Bi-directional links are often a sign that your aggregates aren’t right. In our original code, a Document knew about its containing Folder, and the Folder had a collection of Documents. This makes it easy to traverse the object graph but stops us from thinking properly about the consistency boundaries we need. We break apart aggregates by using references instead. In the new model, a Document had a folder_id but no way to directly access the Folder.

If we needed to read data, we avoided writing complex loops and transforms and tried to replace them with straight SQL. For example, one of our screens was a tree view of folders and documents.

This screen was incredibly heavy on the database, because it relied on nested for loops that triggered a lazy-loaded ORM.

Tip

We use this same technique in the book in Chapter 11 where we replace a nested loop over ORM objects with a simple SQL query. It’s the first step in a CQRS approach.

After a lot of head-scratching, we replaced the ORM code with a big, ugly stored procedure. The code looked horrible, but it was much faster and it helped us to break the links between Folder and Document.

When we needed to write data, we changed a single aggregate at a time, and we introduced a message bus to handle events. For example, in the new model, when we locked an account, we could first query for all the affected workspaces SELECT id FROM workspace WHERE account_id = ?.

We could then raise a new command for each workspace:

for workspace_id in workspaces:
    bus.handle(LockWorkspace(workspace_id))

An Event-driven Approach to go Microservices Via Strangler Pattern

When building the availability service we used a technique called event interception to move functionality from one place to another. This is a three step process:

  1. Raise events to represent the changes happening in a system you want to replace.
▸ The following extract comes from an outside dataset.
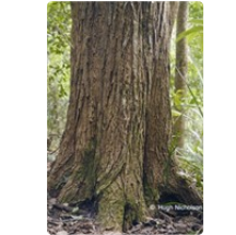
Source: WorldWideWattle ver. 2. Published at: www.worldwidewattle.com Hugh Nicholson

  2. Build a second system that consumes those events and uses them to build its own domain model.

  3. Replace the older system with the new.

Convincing your stakeholders to try something new

If you’re thinking about carving a new system out of a big ball of mud, you’re probably suffering problems with reliability, performance, maintainability or all three simultaneously. Deep intractable problems call for drastic measures!

We recommend domain modelling as a first step. In many over-grown systems, the engineers, product owners, and customers no longer speak the same language. Business stakeholders speak about the system in abstract, process-focused terms while developers are forced to speak about the system as it physically exists in its wild and chaotic state.

Figuring out how to model your domain is a complex task, and the subject of many decent books in its own right. We like to use interactive techniques like Event Storming, and CRC modelling, because humans are good at collaborating through play.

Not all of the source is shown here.